Your patient with a diagnosis of latent tuberculosis infection needs a bronchoscopy. During transport to endoscopy, the patient will need to wear?
- A. N95 mask
- B. Surgical mask
- C. No special PPE is needed
- D. Face mask with shield
Correct Answer: B
Rationale: Patients with latent tuberculosis are not contagious and have no symptoms, but during procedures like bronchoscopy that may generate aerosols, a surgical mask is worn to prevent potential spread if the infection is active.
The client diagnosed with respiratory distress has arterial blood gases of pH 7.45, Paco2 54, Hco3 25, Pao2 52. Which should the nurse implement? Select all that apply.
- A. Apply oxygen via nonrebreather mask.

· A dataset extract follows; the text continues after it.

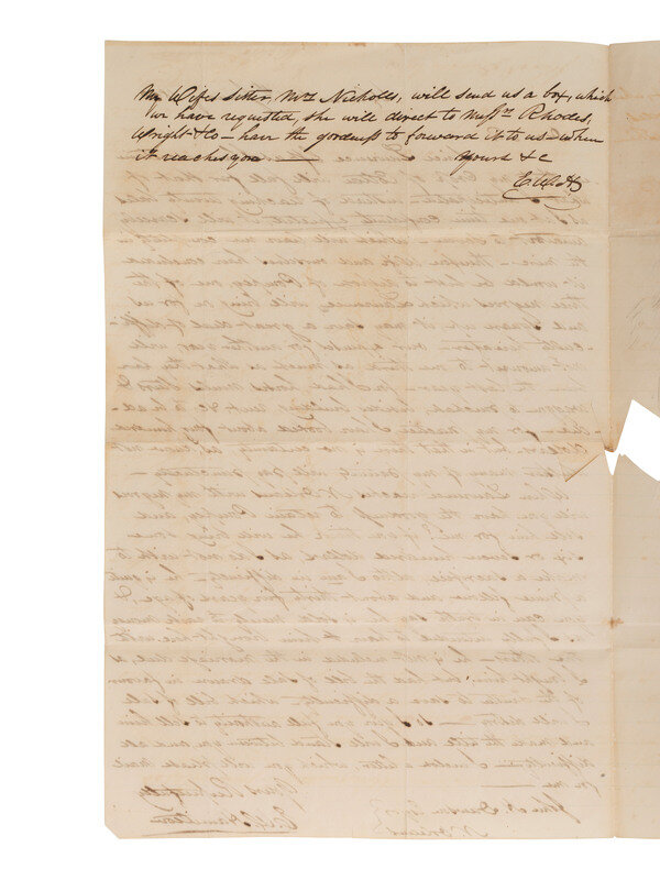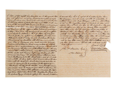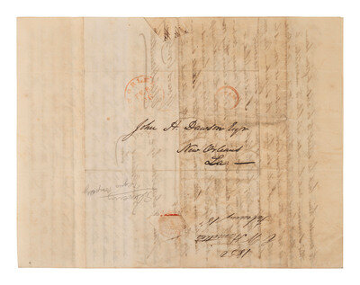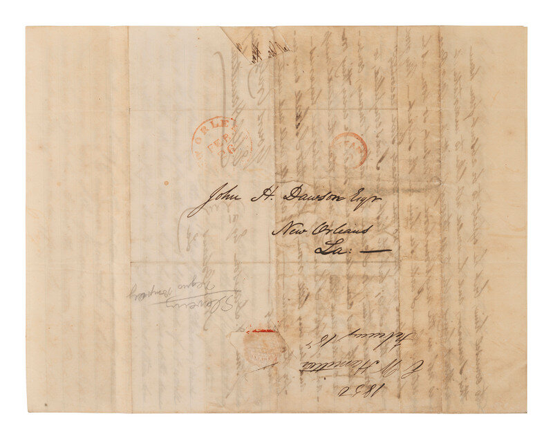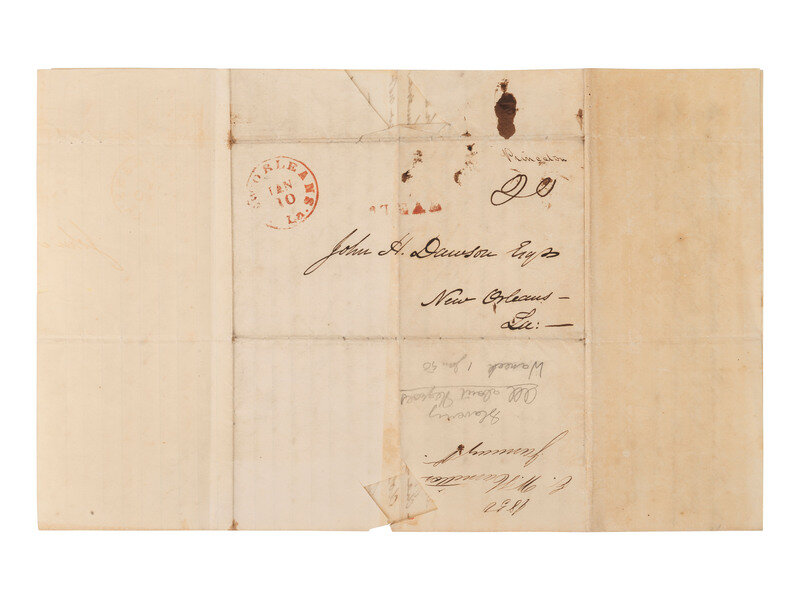 1 1/4 pages, on bifolium, 7 7/8 x 12 3/8 in., creased along folds, some separations and clipped losses, occasional spotting/staining. Address panel on terminal leaf with postmark at New Orleans.

- B. Call the rapid response team (RRT).
- C. Elevate the head of the bed.
- D. Stay with the client.
- E. Notify the health-care provider (HCP).
Correct Answer: A,B,C,D,E
Rationale: PaO2 52 and PaCO2 54 indicate severe hypoxia; apply nonrebreather (A), call RRT (B), elevate HOB (C), stay with client (D), and notify HCP (E) are all critical.
The nurse is feeding a client diagnosed with aspiration pneumonia who becomes dyspneic, begins to cough, and is turning blue. Which nursing intervention should the nurse implement first?
- A. Suction the client's nares.
- B. Turn the client to the side.
- C. Place the client in Trendelenburg position.
- D. Notify the health-care provider.
Correct Answer: B
Rationale: Dyspnea, coughing, and cyanosis suggest aspiration; turning to the side (B) clears the airway, preventing further aspiration. Suctioning (A), Trendelenburg (C), and notification (D) follow.
A patient taking Isoniazid (INH) should be monitored for what deficiency?
- A. Vitamin C
- B. Calcium
- C. Vitamin B6
- D. Potassium
Correct Answer: C
Rationale: This medication can lead to low Vitamin B6 levels. Most patients will take a supplement of B6 while taking this medication.